In order to prevent any real misunderstanding regarding the nature of the issue, it is necessary to proceed by defining the people of evil. There is, in the first place, the naturalistic conception, which identifies the principle of evil with the absence of knowledge of the laws of physical Nature. That mode of activity is defined as evil, by this school of thinkers, which transgresses against the laws of Nature. According to this rule, the study of the physical Sciences can relieve a person from the necessity of following the evil course. It is claimed to be self-evident that, with the advance and diffusion of the knowledge of physical Nature, the principle of evil has been rapidly disappearing from the life of man. In opposition to this optimistic view the idealists maintain that no conduct can be considered as really good that does not take into account certain principles which are not derivable from the inanimate operation of material forces. The principle of love may prefer to act in opposition even to the laws of physical Nature, in order to be loyal to its own higher ideal. The idealists accordingly seek to find the real explanation of moral conduct in the laws that regulate and originate the conscious activity of the human mind. The human mind is perfectly free to choose its own course. It always acts with a conscious purpose. That purpose aims at the realisation of a certain state of itself that appears to it to be worthy of attainment.

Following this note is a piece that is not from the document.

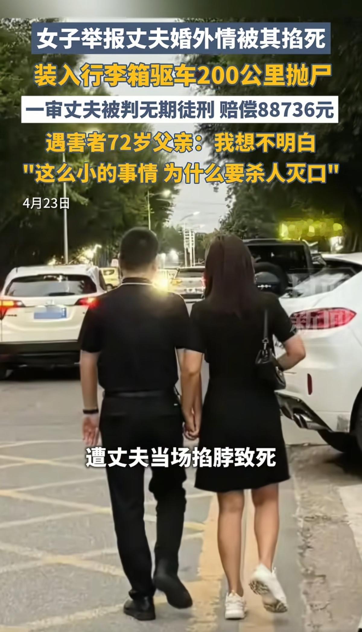 泪目。广东一名漂亮女子婚后仅5个月就被丈夫杀害,原因竟是女子要向丈夫单位举报他出轨,双方发生激烈争吵。女子父亲发现女儿失联遂报警,警方将目标锁定在丈夫身上,丈夫这才主动认罪,最终一审被判无期、赔偿88736元。 吃过了感情的苦,但凡下定决心再婚,一定会更加谨慎、懂得珍惜。 李女士独自生活了很久,对待感情一直格外慎重。 在外人眼里,男子完全是成功人士的模样,收入稳定、外表体面。 婚后没多久,男子就暴露了本性。 发现丈夫出轨后,李女士心里满是失望和寒心。 她没有像很多人一样忍气吞声,也没有单纯地吵架发泄情绪。 她直白地告诉对方,如果不妥善处理好这段不正当关系,彻底改正问题,她就会直接去他的工作单位举报。 对于普通上班族来说,婚内出轨只是私人道德问题,但对于身居管理岗位的男子来说,这就是致命的弱点。 一旦被公司查实、公开通报,他辛苦多年打拼下来的一切都会化为泡影,不仅工作不保,在整个行业内都会彻底失去立足之地。 就是这句最正常的维权表态,彻底激怒了内心阴暗的男子。 平日里儒雅体面的成年人外壳瞬间碎裂,暴露了他极端又暴躁的本性。 从最初的言语争执,慢慢升级为激烈的对峙,过往所有的琐碎矛盾、感情隔阂、利益纠纷全部翻了出来。 彻底失控的男子,完全丧失了理智,心里只想着阻止妻子举报自己、堵住妻子的嘴。 情急之下,他直接伸手死死掐住妻子的脖颈,丝毫没有顾及夫妻情分,手段凶狠又决绝。 他心里十分清楚,故意杀人是性质极其严重的重罪,一旦被警方发现,自己的人生将会彻底覆灭。 为了不被追责,他铁了心要销毁所有证据,试图让这件事彻底无人知晓。 他找来行李箱,冷静地将妻子的遗体收纳进去,随后一点点擦拭家里的痕迹,清理打斗留下的印记,擦掉屋内的指纹和杂物,把案发现场伪装得完好无损,让人看不出丝毫异常。 等到深夜凌晨,街道上行人稀少、车流锐减,路面监控也很难捕捉细节,他独自开车,载着装有遗体的行李箱,踏上了两百多公里的路途。 整整数个小时的车程,他全程心态平稳,没有丝毫慌张,一心只想找一个隐蔽的地方藏尸。 抵达偏远荒芜的河边水域后,确认四周荒无人烟,不会有人路过,他立刻将行李箱推入水中,借着深水掩盖一切罪恶,妄图让真相永远沉入水底。 焦急的老人一遍遍拨打女儿电话,始终无人回应。 万般无奈之下,他只能主动联系女婿,询问女儿的去向。 面对长辈的追问,男子谎话张口就来,一会儿说妻子出门散心,一会儿说手机坏了没法联系,各种敷衍的借口层出不穷。 老人隐约察觉到事情不对劲,心里越来越慌,他清楚,女儿绝对不是无故失联,大概率是遭遇了意外。 经过调查后,民警发现,所有的线索和疑点,全部指向了男子。 至此,这起令人发指的杀妻抛尸案彻底水落石出,残忍的作案细节曝光后,无数人为之震撼。 经审理,案件迎来了一审判决。 对于凶手而言,保住了性命,可对于受害者的家庭来说,却是毁灭性的打击。 更让人没想到的是,凶手也不甘于无期徒刑的判决,选择了上诉。 对于这件事,您有什么想说的吗?欢迎评论区留言讨论。 信息来源:封面新闻

The naturalistic school assumes that it is the purpose of every person to seek to avoid inconveniences that result from ignorance of the laws of physical Nature. But this cannot be the purpose itself. The knowledge of the laws of Nature can only enable a person to make use of the forces of nature for gaining his own end. It is certainly useful as a means to the end but the end itself is settled by the absolutely free choice of the individual. If one likes to undertake a journey from Calcutta to London in a short time, he may be helped by the means of quick transport rendered available by the progress of scientific knowledge. But the progress of scientific knowledge has nothing to do with his intension of undertaking such a journey. According to the idealists a person is desirous of going to London from Calcutta for the reason that his being in London appears to him as a better condition for himself on the whole than his being in Calcutta. In other words no person is satisfied with his present condition and everyone is desirous of a change for the better in accordance with his individual judgement. The idealists, therefore, define the principle of evil as a state of the mind that appears to it to be undesirable or unworthy by reference to the ideal state. The knowledge of the laws of physical Nature may help in realising the ideal, but is not itself the ideal.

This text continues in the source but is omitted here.